To implement this algorithm it is assumed the investigator should have
R and Perl software installed (though the program can be run without
Perl it the investigator is willing to manually edit .xml files).
- An .xml file exported from Ciphergen software -- either Ciphergen
Express or Ciphergen ProteinChip Software should be able to export a
spectrum as an .xml file.
- A .csv file with two columns containing the mass locations
of a small number of peaks in the reference spectrum and the spectrum
to be adjusted.
Reference Values (mi)
|
Misaligned Values (pi)
|
3247.2
|
3238.8
|
5510.9
|
5496.0
|
7727.9
|
7708.5
|
11034.9
|
11009.5
|
13831.7
|
13800.7
|
The .csv form of this file (called peaks-quadratic.csv) is here.
The content of the header information is not important as long as it is
comma-delimited.
- Perl code (called quadratic.pl).
This code 1) opens the original .xml file and extracts the a, b, and t0
parameters and writes those parameters to a file, Rinput.csv, 2)
calls an R program (quadratic-r-program.r) that reads Rinput.csv,
computes the new a, b, and t0
parameters, and writes out the new parameters to Rouput.csv, and 3)
reads parameters from Routput.csv and puts these new parameters into a
new .xml file.
- R code (called
quadratic-r-program.r) that reads the data in Rinput.csv, calculates
the new parameters and writes them out to Routput.csv.
quadratic-r-program.log is a log file produced by the program that will
show error messages if something goes wrong. There is some
question if fitting the quadratic equation (equation 1 in the paper)
might 'overfit' the data if the b parameter is allowed to be
non-zero. Some discussion of this is presented in the context of choosing
appropriate calibrants, mi, and pi
values. An alternative R
program is provided that fits quadratic equations with b =
0. To implement this the line $Rprogram =
"quadratic-r-program.r"; in quadratic.pl needs to be changed to
$Rprogram = "quadratic-rb0-program.r";
The user can skip the Perl code and just use the R code if they want to
instead edit the .xml files -- putting the old parameters in Rinput.csv
and running the R code will produce Routput.csv and the new
parameters. It should be noted that the
a, b, and
t0
parameters in the .xml files are not the same as those that appear when
the user looks at these parameters within Ciphergen's ProteinChip
software using the Calibration /Current Equation menu. For some
reason, Ciphergen has multiplied these parameters by various powers of
10. Consequently, changing the parameters through this menu does
not have the same effect as changing them through the .xml files.
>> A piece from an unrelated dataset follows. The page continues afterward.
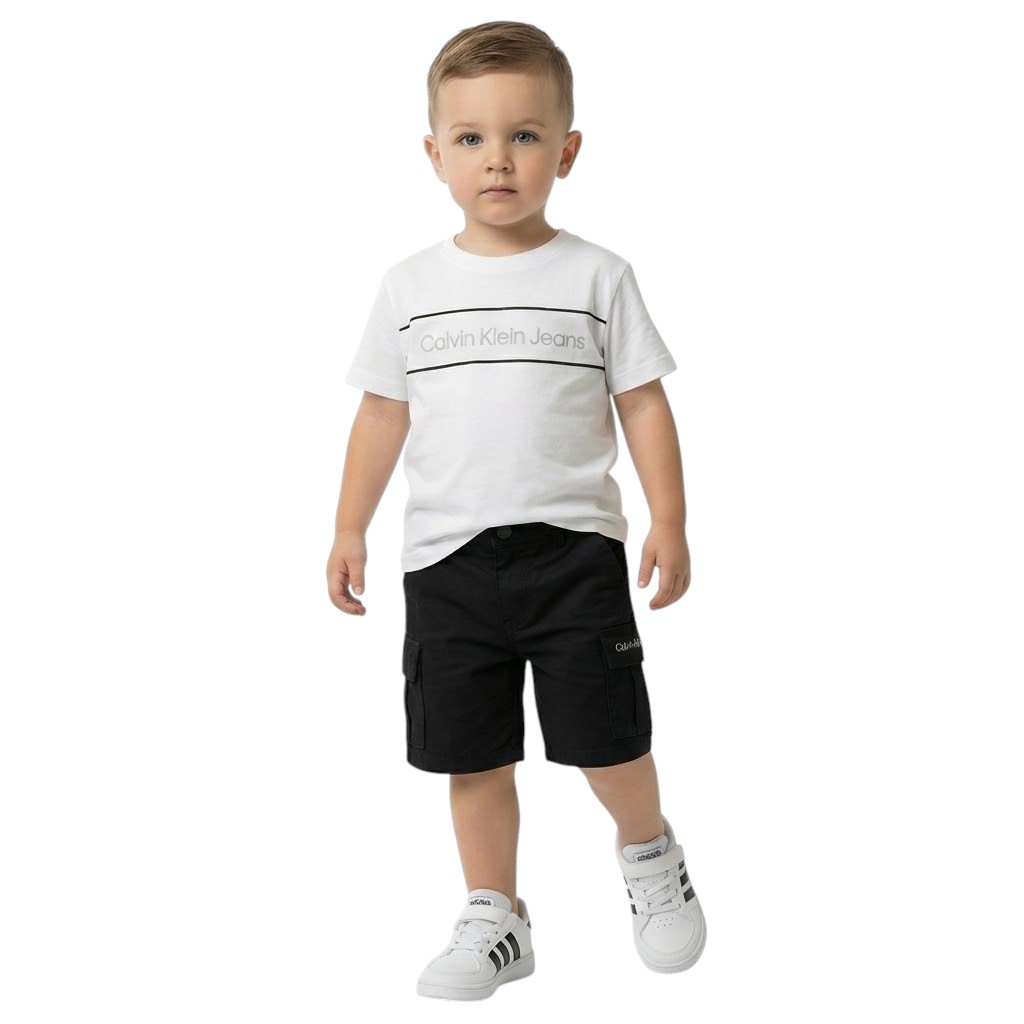 Conjunto Infantil Calvin Klein Camiseta Bermuda Cargo Preta

Presently, the user gives the name of the .xml file to the Perl code
(e.g. input.xml) and a new xml file is written, (e.g. input-new.xml)
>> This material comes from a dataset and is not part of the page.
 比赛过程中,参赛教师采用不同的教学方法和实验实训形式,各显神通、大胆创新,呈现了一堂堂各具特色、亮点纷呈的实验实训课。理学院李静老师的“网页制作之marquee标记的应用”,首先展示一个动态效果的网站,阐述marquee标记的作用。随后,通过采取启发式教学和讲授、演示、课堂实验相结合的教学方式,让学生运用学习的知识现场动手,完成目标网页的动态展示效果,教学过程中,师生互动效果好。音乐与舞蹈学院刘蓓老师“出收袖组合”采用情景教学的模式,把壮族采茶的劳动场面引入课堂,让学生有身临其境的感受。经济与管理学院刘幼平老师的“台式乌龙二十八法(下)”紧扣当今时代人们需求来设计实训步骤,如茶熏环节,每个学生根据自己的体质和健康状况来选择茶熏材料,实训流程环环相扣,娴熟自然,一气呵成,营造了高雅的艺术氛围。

with the same basename but "-new.xml" in place of ".xml". The
user is also prompted for the name of the .csv file showing the peaks
in the two spectra. To run the code type "quadratic.pl" at the
"C:\appropriate directory" prompt after Perl and R have been
successfully installed.
Currently it is assumed these program
and data files are in the same directory. Because of their roots
in UNIX, R and Perl have some peculiarities with respect to designating
directory structure if you are used to working in a Windows /DOS
world. If you want to put things in different directories
you will likely need to change the R and perhaps Perl code. With
both R and Perl it is probably easiest to use forward slashes rather
than backslashes to designate directories e.g. "c:/alignment/test.xml"
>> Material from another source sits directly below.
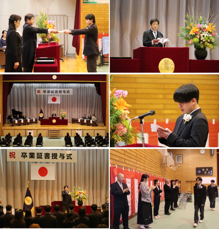 【行事報告】第77回卒業証書授与式 投稿日時 : 03/02 ishikw カテゴリ:学校行事 令和8年3月2日(月)第77回卒業証書授与式が挙行されました。 担任の呼名に対し、場内に響き渡る54名の力強い返事。高校生活が一人ひとりにとって、充実した確かなものであったことが伝わってきました。 卒業生代表による答辞では、会場全体が熱い感動に包まれました。在校生による「旅立ちの日に」、そして卒業生の「仰げば尊し」の歌声が、式場に響き渡りました。 卒業生の皆さん、ご卒業おめでとうございます。皆さんの前途が幸多きことを、心よりお祈り申し上げます。 Tweet タグ 敬愛大学八日市場 敬大八高 八敬 卒業式

rather than "c:\alignment\test.xml". Also, some Perl commands may
not work if implemented on UNIX/linux machines or with other operating
systems -- for instance the way in which the R program is called by
Perl. Those using other operating systems will need to make some
minor changes to the Perl script. Future versions of these
programs may introduce more flexibility in these respect.